For easy data handling and revision the annotations come in the PASCAL VOC format. This format consists of individual XML-files for every image containing all labelled instances and additional information like width and height of the image. All further information that does not comply with the PASCAL VOC format is saved in the info.json (e.g. weather, light, source url). The PASCAL VOC uses a "difficult" tag for each annotation. For this case the difficult tag was used to indicate if the signal was relevant to the train conductor in that situation
The images come in the .jpg format and are either 1280x720 or 1920x1080.
The individual frames were created from video recordings from cab view rides which have been uploaded to YouTube. We asked the uploaders for permission to use their video material for our dataset. Microsofts video annotation tool VoTT was used to find and annotate relevant frames, in a second the step the images and annotations were revised and checked with LabelImg
The images and annotations can be found here
pip install gerald-tools
-
Install git (Instructions)
-
Clone the repo
git clone git@github.com:ifs-rwth-aachen/GERALD.git
-
The main.py includes some example code to load the dataset and display one image including the annotations
If you want to contribute to the dataset or our research, please contact us. You can find our contact information further below.

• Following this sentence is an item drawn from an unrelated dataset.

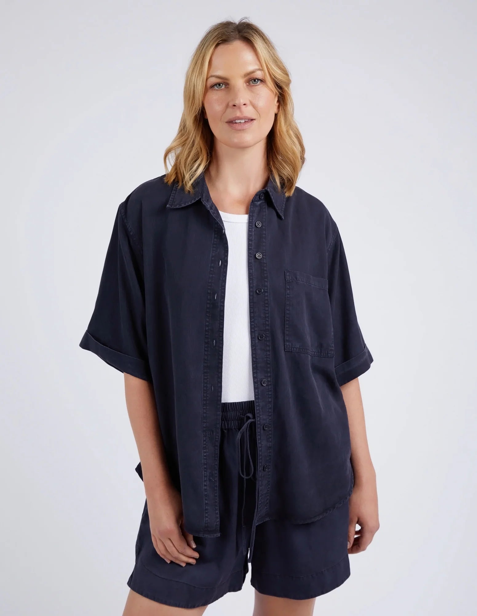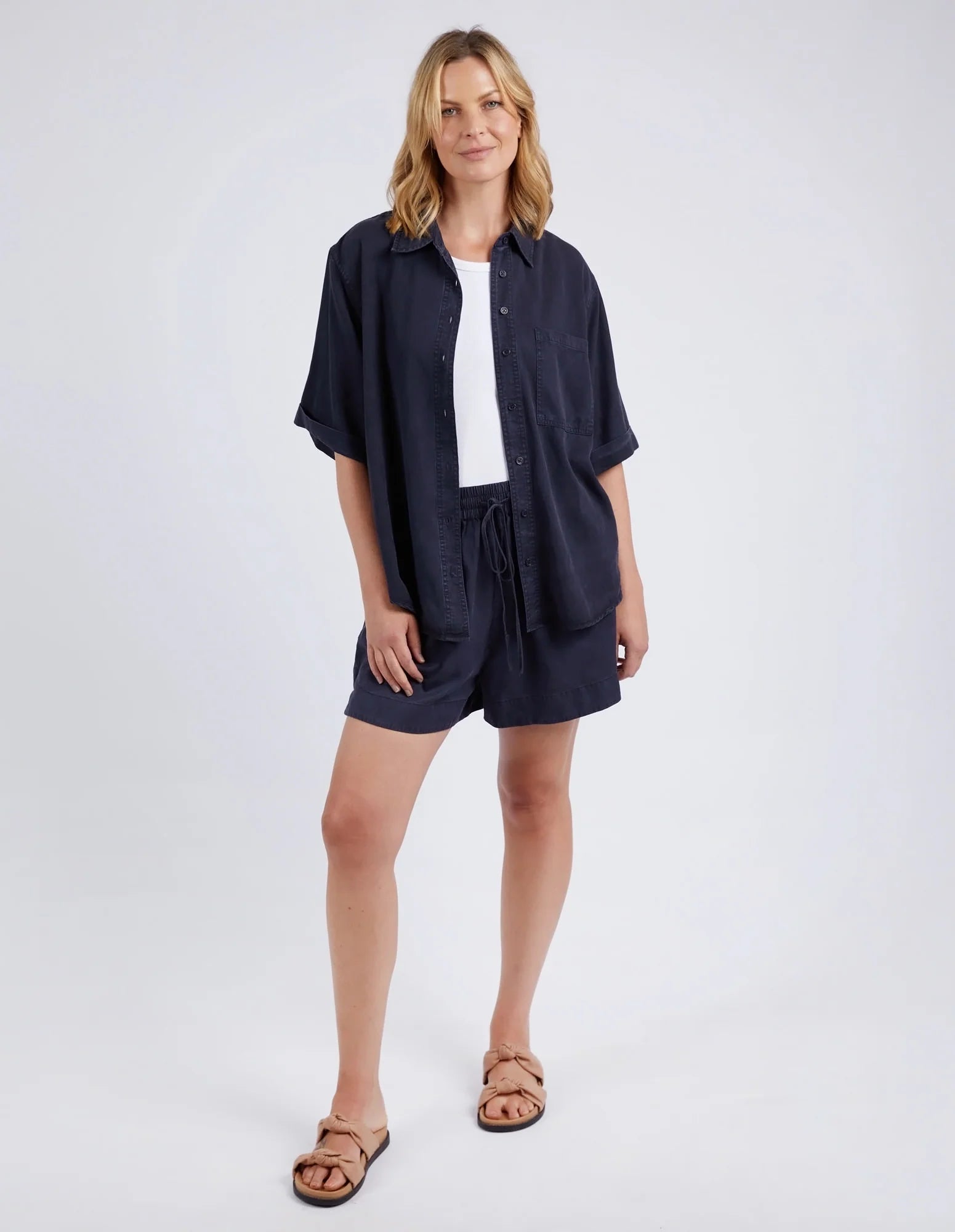 Expertly designed for the ultimate mix and match experience, the ELM BLISS WASHED SHIRT NAVY is crafted from a linen lyocell blend that offers a satin soft touch and a flattering fit. With a classic button front and collar, this shirt can be paired with shorts from the Bliss range for the ultimate in comfort.
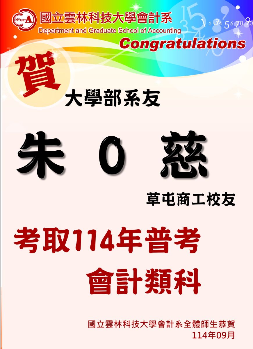 恭賀~大學部系友朱O慈(草屯商工校友)考取114年普考會計類科

We would like to thank all YouTubers by supporting us with their cab view recordings and kindly allow us to use their material. The following YouTubers contributed their material to our dataset:
The GERALD Dataset (Annotations for the respective images) by Philipp Leibner and Fabian Hampel is licensed under a Creative Commons Attribution-NonCommercial-ShareAlike 4.0 International License.
The gerald-tools provided in this repository are licensed under the Apache 2.0 License.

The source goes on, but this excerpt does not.